━━ Listed entries

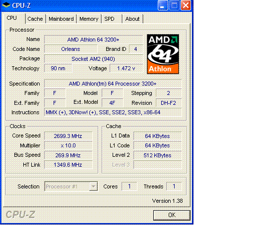 | Процессор (ядро) | AMD Athlon 64 (Orleans) |
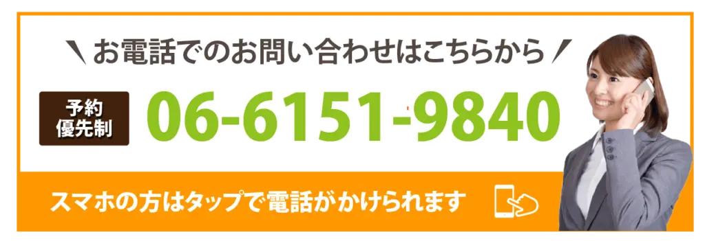 A 当日のご予約は実施しておりますが、ご希望に添えない可能性がございます。その際は、別日をご案内いたしますので、まずは受付時間をご確認の上、お電話(06-6151-9840)くださいませ。
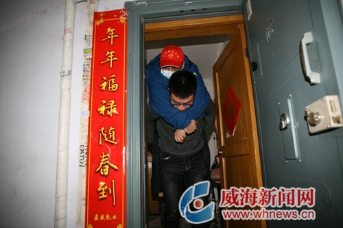 ???威海新聞網1月16日訊(記者 王春苗 文 于啟波 圖)在威海,愛心故事每天都在發生。1月14日,殘疾人劉同亮突發高燒38.5℃,由于上下樓不便,他在家中十分焦急。在長城愛心大本營志愿者的幫助下,他順利就醫。志愿者抱著劉同亮的場景,成為冬日里溫暖的景致。
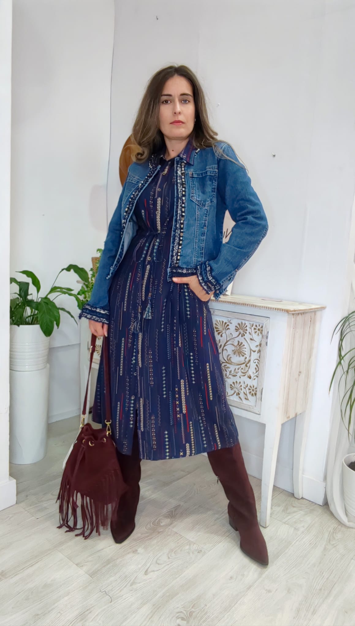 Cazadora vaquera. Detalle tweed con abalorios. Dos bolsillos de parche en el pecho. Cuello redondo. Manga larga. Cierre frontal con botones metálicos.
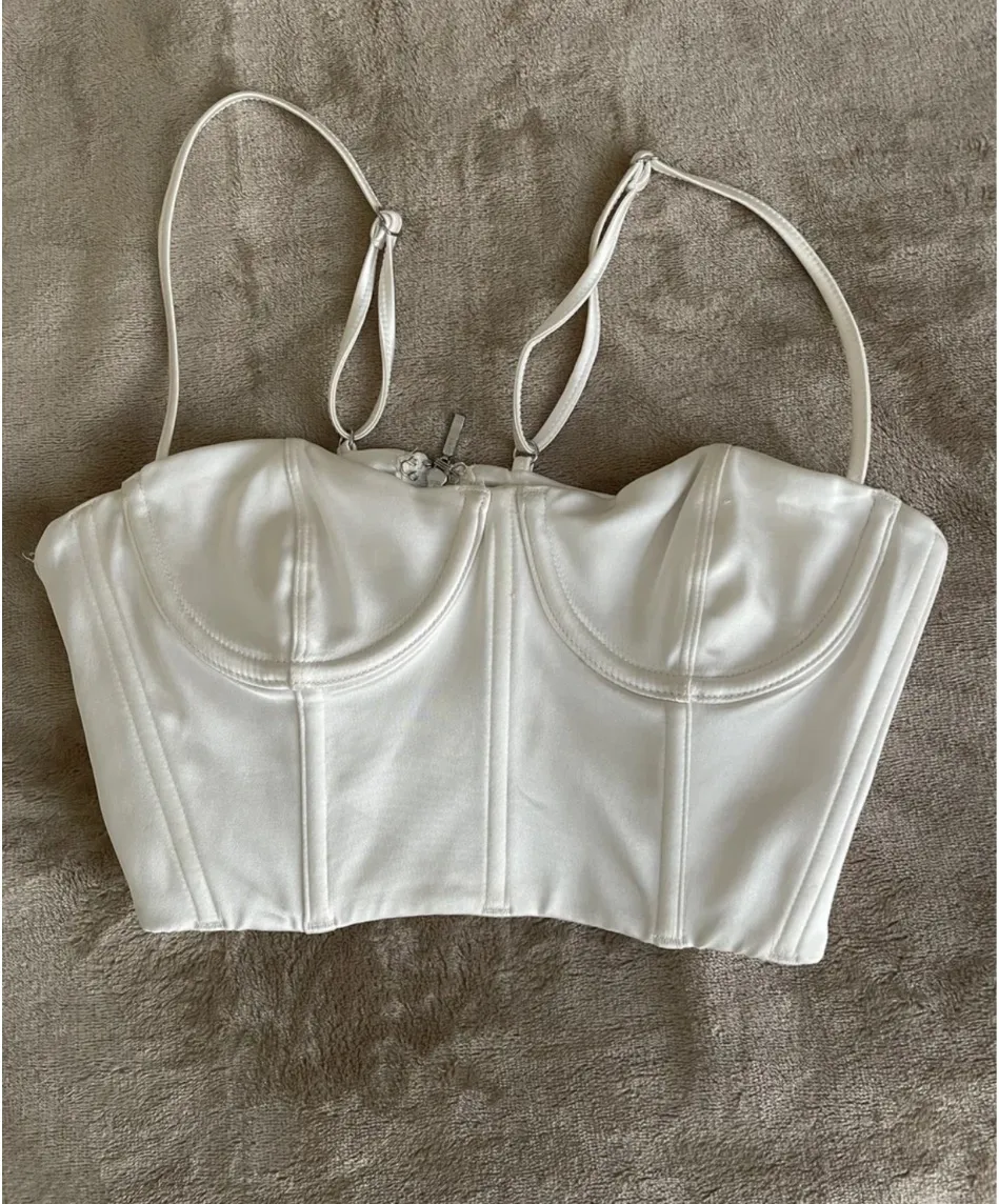 Super flattering white crop corset from white fox, worn once, slight discoloring Good condition
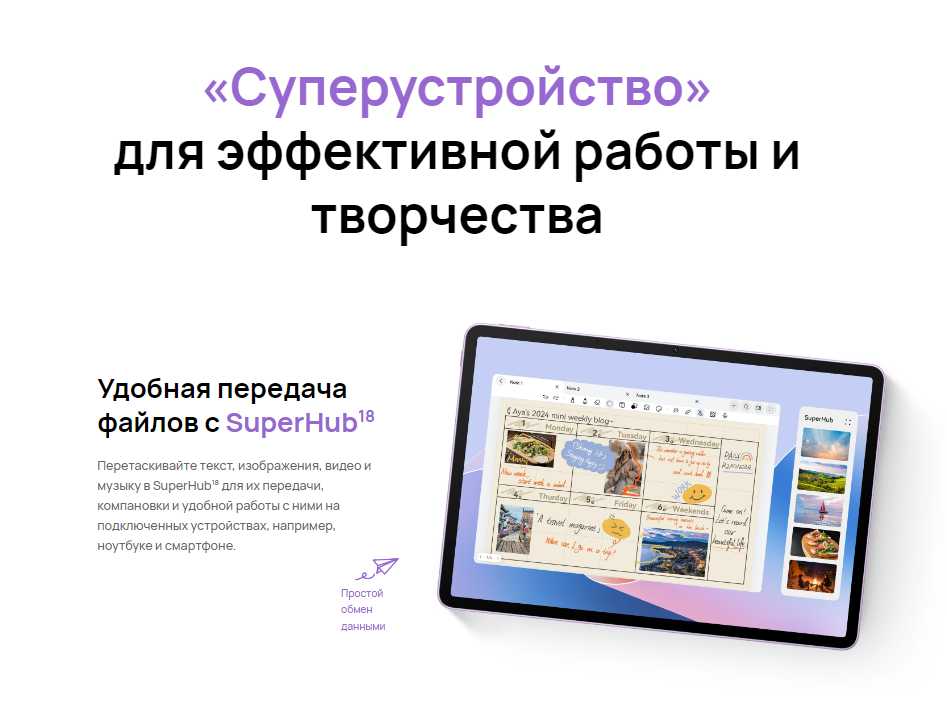 Удобный дизайн: MatePad имеет стильный и компактный дизайн, который удобно лежит в руке. Я могу легко брать его с собой в поездки или использовать дома на диване.
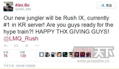 目前韩服排位第一的Rush IX会是我们的新打野,大家是否充满期待了呢?大家感恩节快乐!@LMQ_Rush 前LMQ战队的经理也透露过,原中单小微笑将会续签,而辅助位将有北美的路人Adrian担任。现在又有韩服 ...
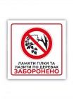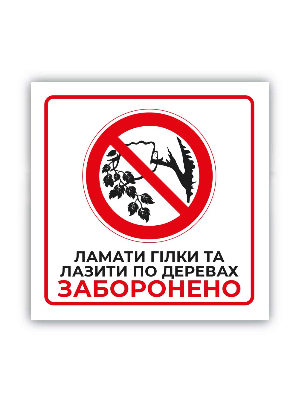 Табличка "Ламати гілки та лазити по деревах заборонено" – наочний спосіб привернути увагу до правил поведінки в парках, скверах та інших зелених зонах. Яскравий червоно-чорний дизайн з ілюстрацією дерева, гілки та руки, що її ламає, а також червона лінія, яка перекреслює, роблять знак максимально зрозумілим і помітним. Табличка виготовлена з міцних матеріалів, стійких до погодних умов, тому підходить для встановлення на вулиці.
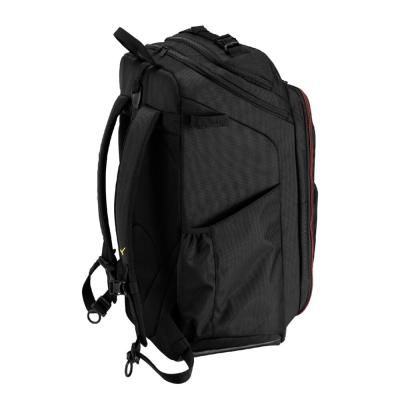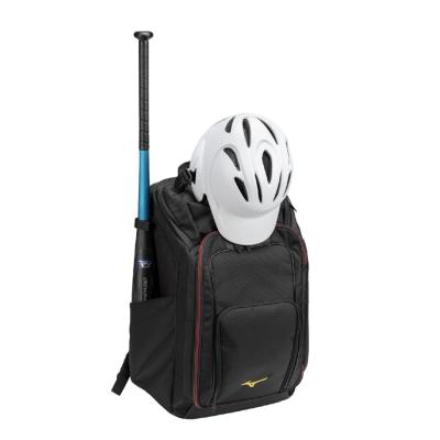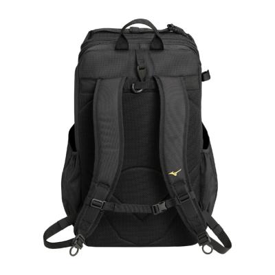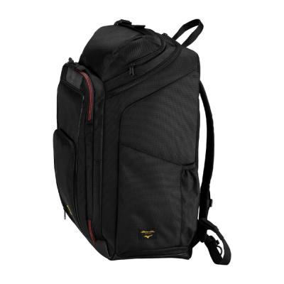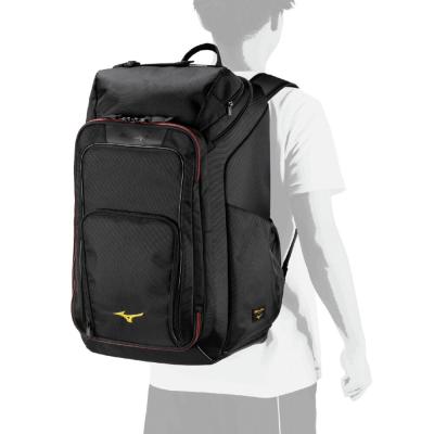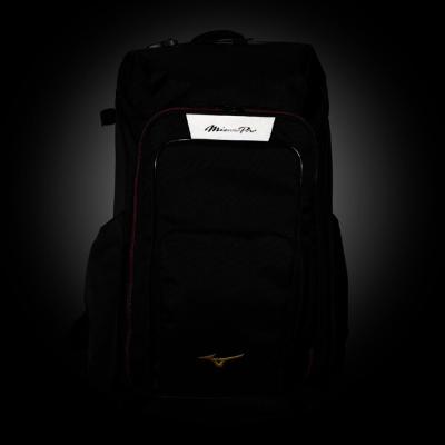 ■上部小物ポケット。■フェンスフック搭載。■中身は上部グラブ、中段着替え、底部はシューズ収納可能。■前身フタ裏にはサングラス、キャップの収納。■水に強い底合成皮革。■高級感ある再起反射ミズノプロネーム台。
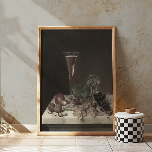 Elegant Still Life with Fruit and Wine Glass Posters

━━━━

**Your objective**: The reply should hold the entries above from the line with "Cazadora vaquera. Detalle" to the line with "Super flattering white", duplicated exactly, pictures excluded.

**Answer to this task**:
 Cazadora vaquera. Detalle tweed con abalorios. Dos bolsillos de parche en el pecho. Cuello redondo. Manga larga. Cierre frontal con botones metálicos.
 Super flattering white crop corset from white fox, worn once, slight discoloring Good condition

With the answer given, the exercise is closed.